Column vs row-oriented databases
The key difference between column and row-oriented databases is the way values are stored. Column-oriented databases store all the values for a given column in the same place, while row-oriented databases store all the values in a row (no matter the number of columns) together.
This means that if one needs to query a lot of rows but only a few columns, using a database that keeps columns stored together can provide a huge performance advantage, as data can be retrieved based only on the columns that need to be projected. If we were to use a row-oriented database, since each row is stored together we would always have to go over the entire row even when not required.
Let’s consider the following example:
| id | name | age |
|---|---|---|
| 1 | john | 32 |
| 2 | alexa | 29 |
| 3 | dinis | 25 |
Row-oriented database
In a row-oriented database, data is stored row by row, i.e. the data is represented in the disk by a sequential list of rows, like the following example:
| 1 | john | 32 | 2 | alexa | 29 | 3 | dinis | 25 |
This is usually how traditional databases like Postgres and MySQL work and it works quite well for OLTP (Online Transactional Processing) applications, as they can provide good performance for writes - since writing new data is just a matter of appending a new row after the last one.

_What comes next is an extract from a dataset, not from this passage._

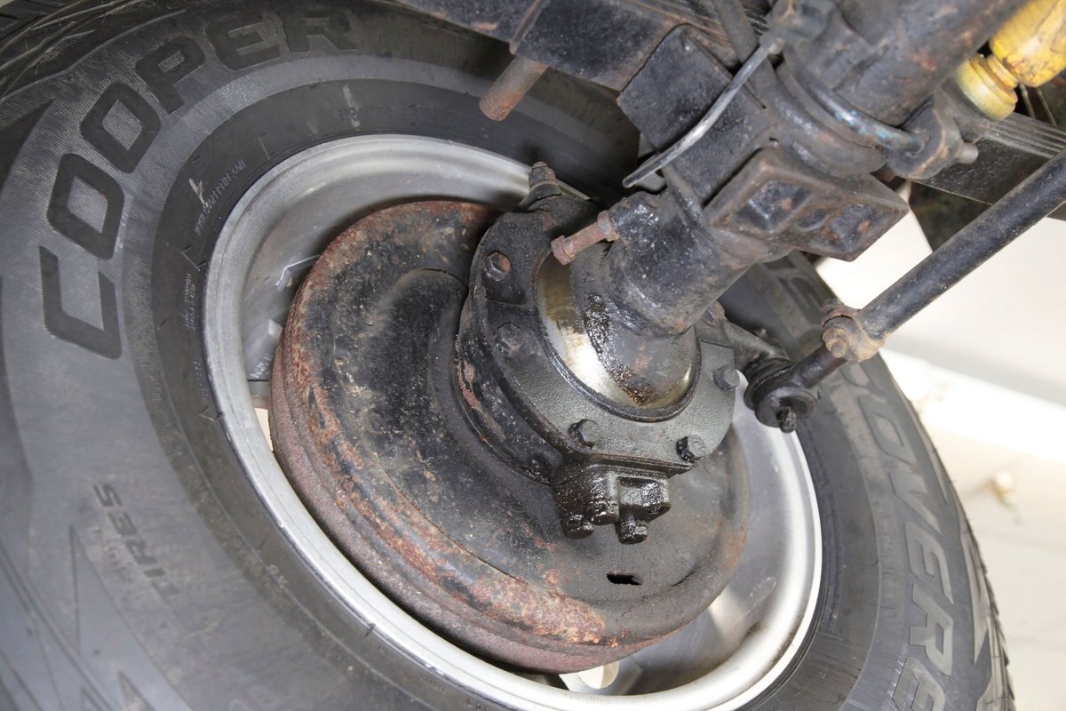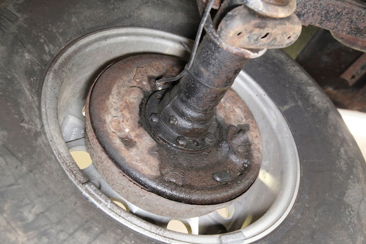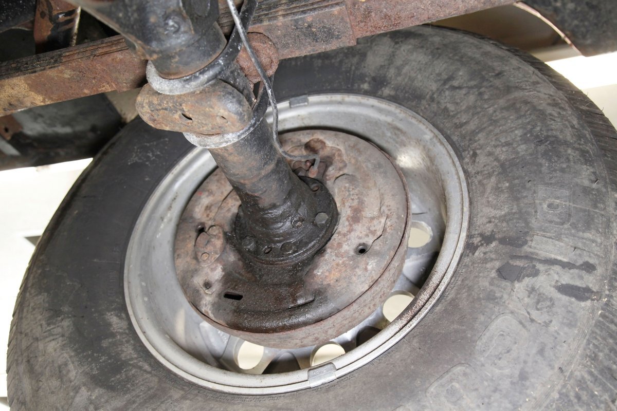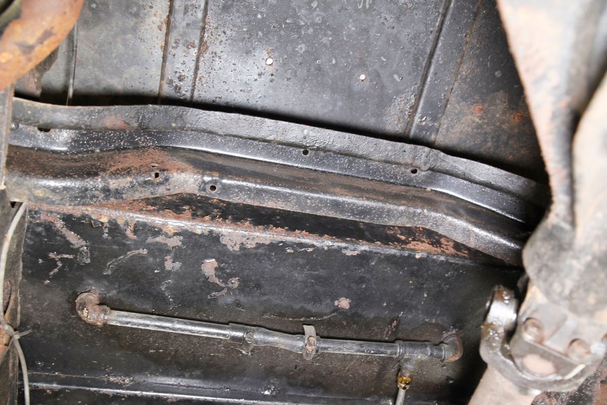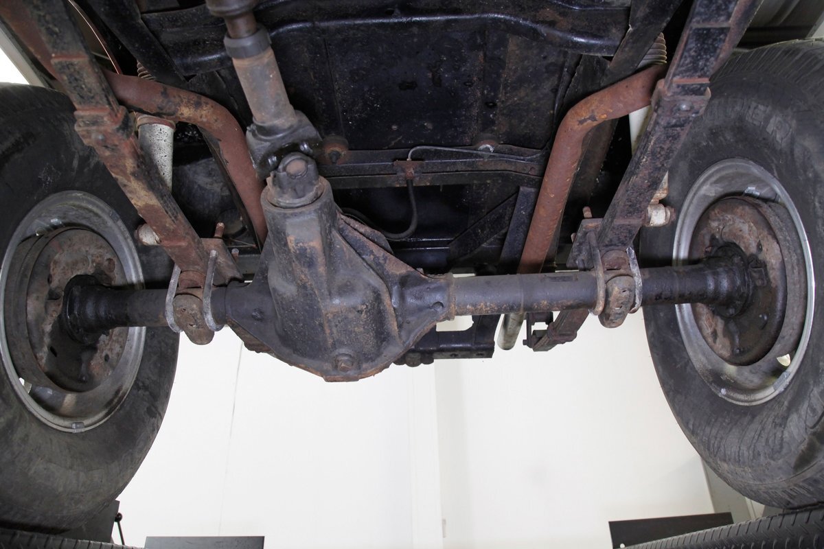 Plenty of heavy surface rust, and some invasive rust has taken over parts of the undercarriage. Thankfully the worst has been tended to, that being the inner wheelhouse which is showing a welded in repair plate. The floor pans have been painted black and are now peeling in areas. Surface rusted leaf spring suspension is all around as are drum brakes which are not working.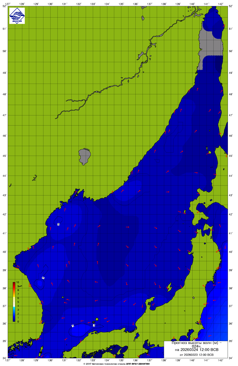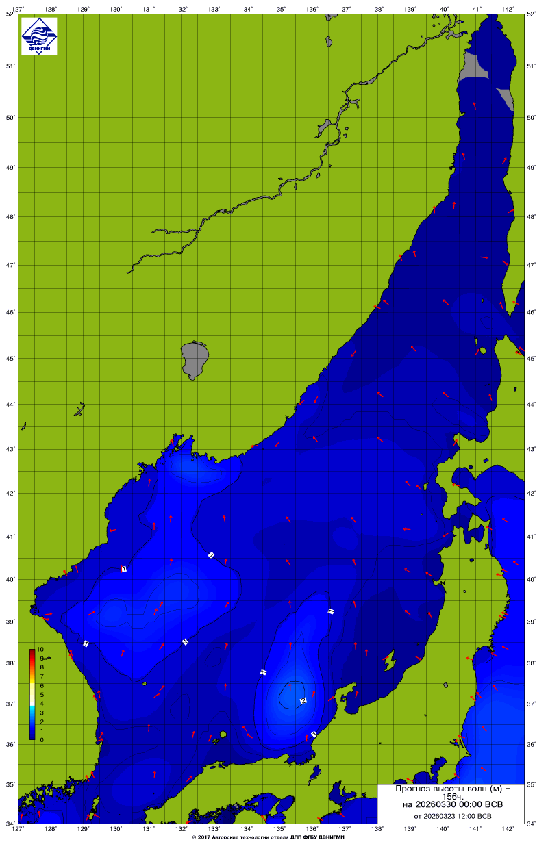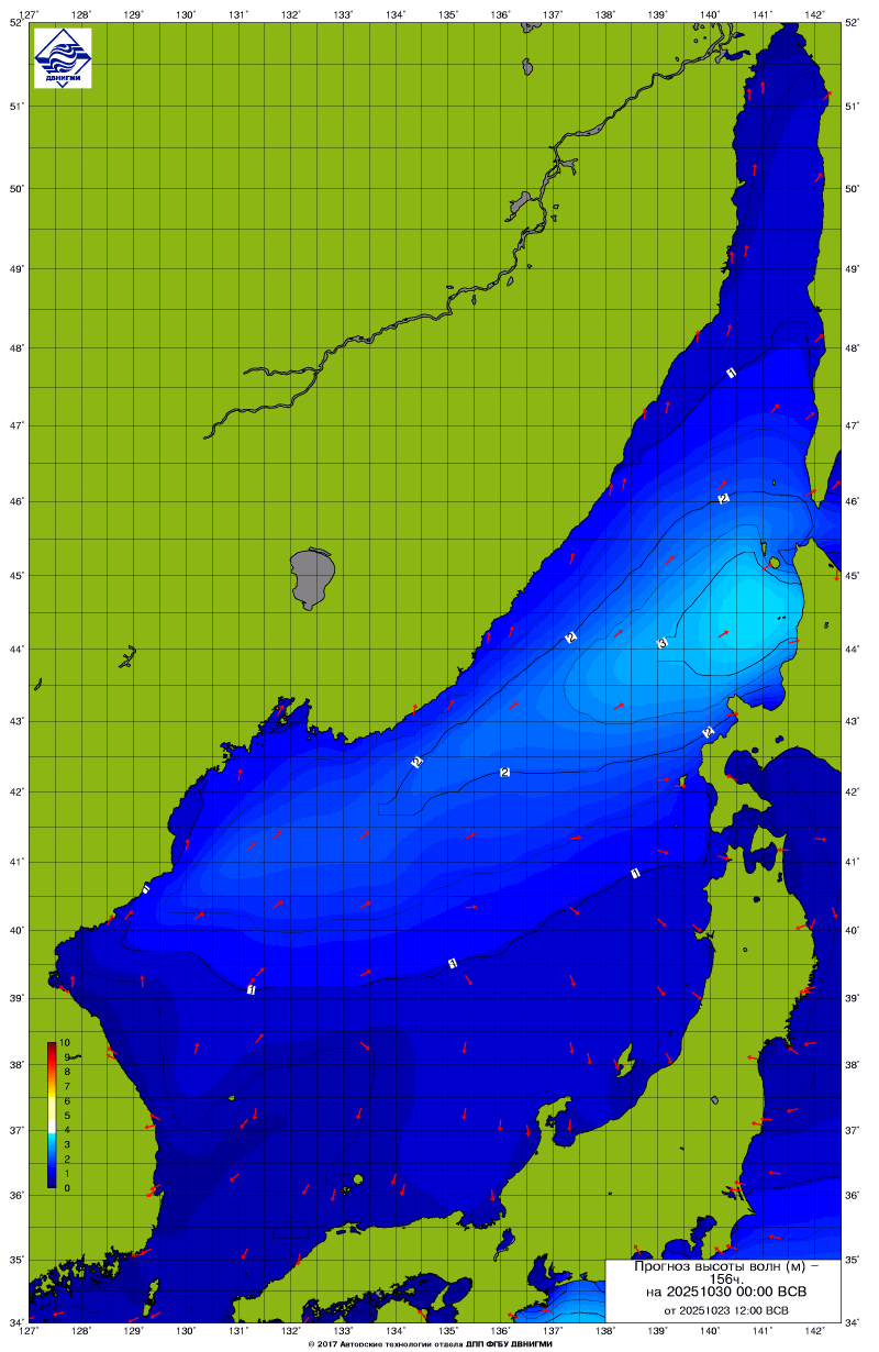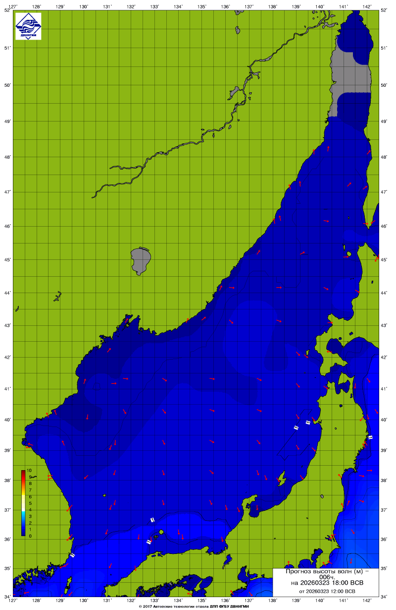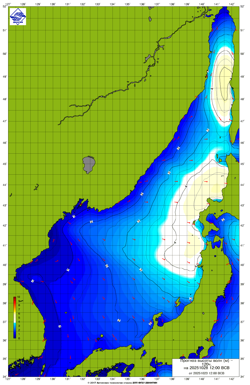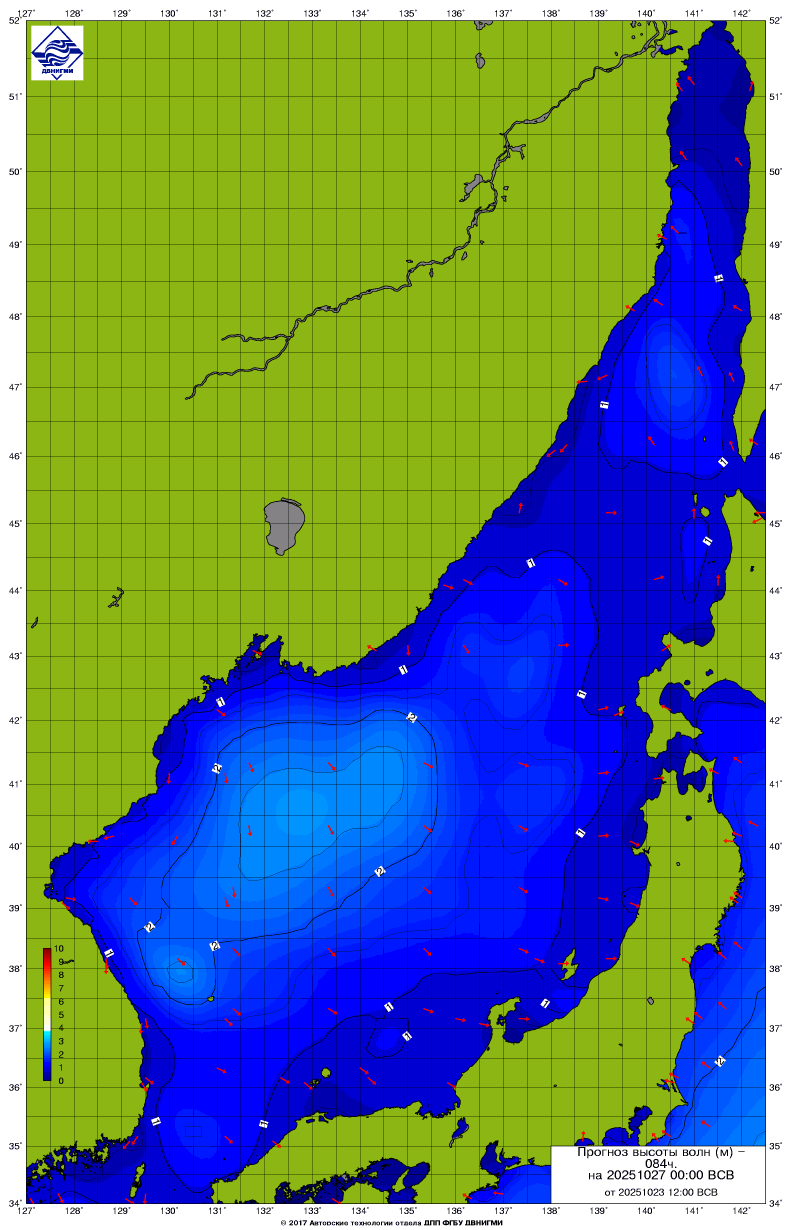 Прогноз на основе численной модели WW III является результатом научных исследований, проводящихся в ФГБУ "ДВНИГМИ".

When it comes to reads, it depends on whether we need to read the entire row or just a few columns - i.e. when dealing with complex operations usually the entire row has to be kept in memory even though only part of its columns are needed.
Column-oriented database
Column-oriented databases, on the other hand, were created to support fast reads (and ad-hoc queries) even if that requires compromising writes as we will see. This is why they are usually used by OLAP (Online Analytical Processing) applications. In a column-oriented database, the values for a given column are grouped, like the following example:
| 1 | 2 | 3 | john | alexa | dinis | 32 | 29 | 25 |
This means that adding a new row forces the database to add a new value after all the values for each of the columns the table has - this can be simplified by having each column stored in a different file/disk.
When it comes to reads, this database is more appropriate for fast reads as it’s a lot easier to go over the values for a specific column without having to go through all the other columns.